## Work instructions
Pictures are to be dropped, and only the lines from the one containing "LED LIGHT PROJECTION 7000K" through the end of the data below are to be reproduced as written.

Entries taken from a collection
---

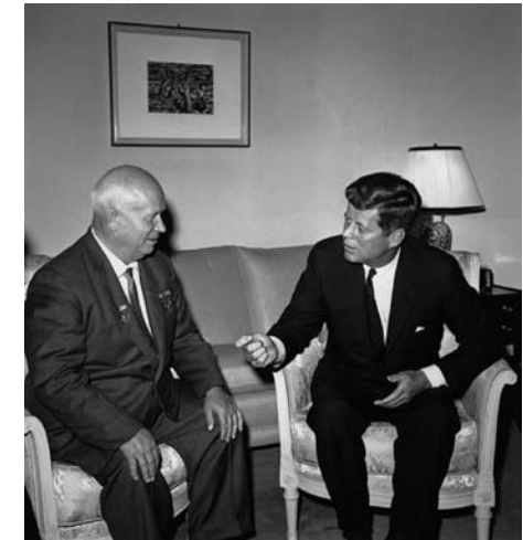
Soviet Premier Nikita Khrushchev, left, and U.S. President John F. Kennedy sit in the residence of the U.S. ambassador in Vienna, Austria, prior to their 1961 summit.

The crisis had been brewing since 1958 but was dramatically escalated during the 1961 summit in Vienna between President John F. Kennedy and Soviet Premier Nikita Khrushchev. At that meeting, Khrushchev demanded an end to Germany's divided condition as well as a resolution to Berlin's status as an occupied city. Otherwise the Soviets would sign a separate peace with East Germany, which would dissolve the NATO countries' access rights to Berlin. The importance of Berlin was highlighted in part by the fact that East Berliners were migrating to West Germany through the western sector of Berlin by the thousands, a humiliating indictment of the communist system. 7 Dean Acheson, a special advisor to Kennedy on European affairs, warned the president of Berlin's importance to the United States and argued that "the prestige of the United States and perhaps its very survival" were at stake.
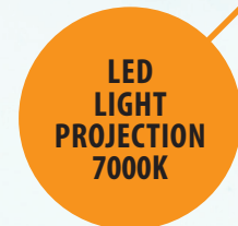
LED LIGHT PROJECTION 7000K
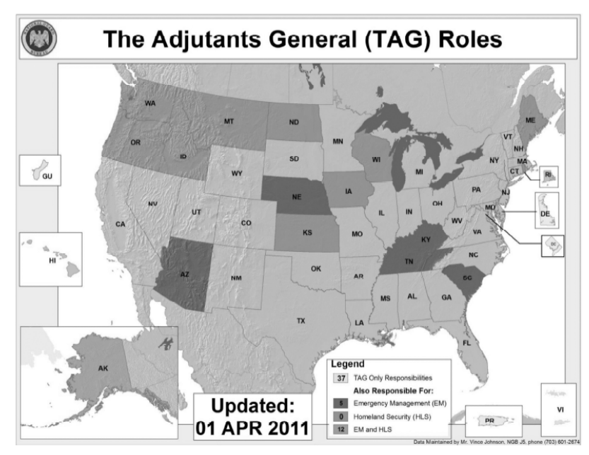
Exhibit 2, the Varied Emergency Management Roles of the Adjutant Generals

One of the oldest and most restrictive of the laws applicable to Defense Support to Civilian Authorities is the Posse Comitatus Act (PCA).<sup>14</sup> The PCA prohibits the use of Federal troops for law enforcement purposes, with some limited exceptions. But while the PCA restricts the use of Federal troops in law enforcement roles, such as traffic control points or patrolling in the aftermath of a disaster, National Guard troops serving in their State capacities are exempt from the restrictions of the PCA. The Federal versus State characteristics of the National Guard are discussed in greater detail below.
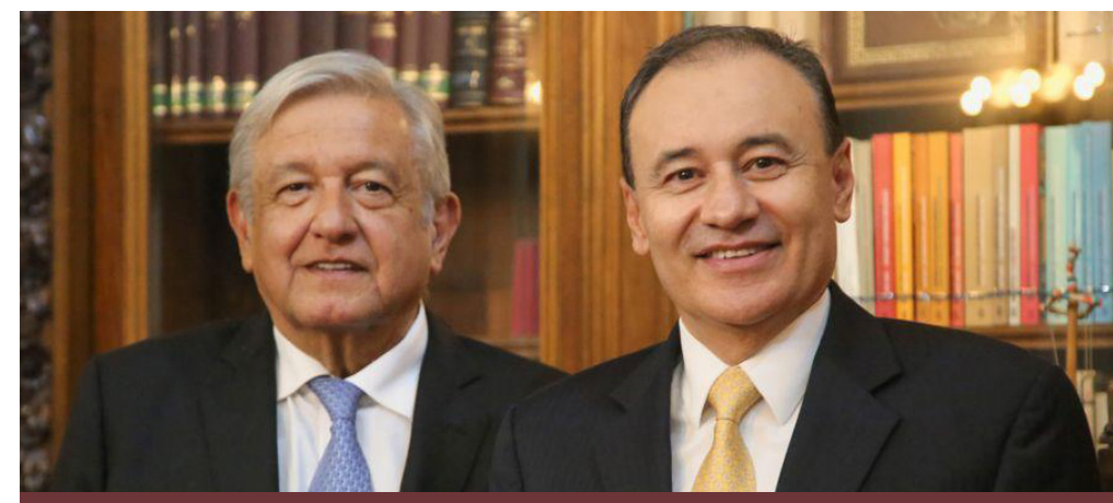
Andres Manuel Lopez Obrador, president of Mexico (I), and Alfonso Durazo, governor-elect of the state of Sonora, Mexico.

We will take advantage of all available cooperation mechanisms such as the United States–Mexico–Canada Agreement (USMCA); the Mexican consular network in Arizona, through the Ministry of Foreign Affairs of Mexico; and the Sonora–Arizona Commission and the Arizona–Mexico Commission, both founded in 1959, to continue building on the legacy
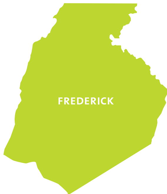
Hospital Visits for Chronic Dental Conditions among Adults in Frederick County Maryland, Fiscal Years 2013-2016

---

## Output
LED LIGHT PROJECTION 7000K
Exhibit 2, the Varied Emergency Management Roles of the Adjutant Generals

One of the oldest and most restrictive of the laws applicable to Defense Support to Civilian Authorities is the Posse Comitatus Act (PCA).<sup>14</sup> The PCA prohibits the use of Federal troops for law enforcement purposes, with some limited exceptions. But while the PCA restricts the use of Federal troops in law enforcement roles, such as traffic control points or patrolling in the aftermath of a disaster, National Guard troops serving in their State capacities are exempt from the restrictions of the PCA. The Federal versus State characteristics of the National Guard are discussed in greater detail below.
Andres Manuel Lopez Obrador, president of Mexico (I), and Alfonso Durazo, governor-elect of the state of Sonora, Mexico.

We will take advantage of all available cooperation mechanisms such as the United States–Mexico–Canada Agreement (USMCA); the Mexican consular network in Arizona, through the Ministry of Foreign Affairs of Mexico; and the Sonora–Arizona Commission and the Arizona–Mexico Commission, both founded in 1959, to continue building on the legacy
Hospital Visits for Chronic Dental Conditions among Adults in Frederick County Maryland, Fiscal Years 2013-2016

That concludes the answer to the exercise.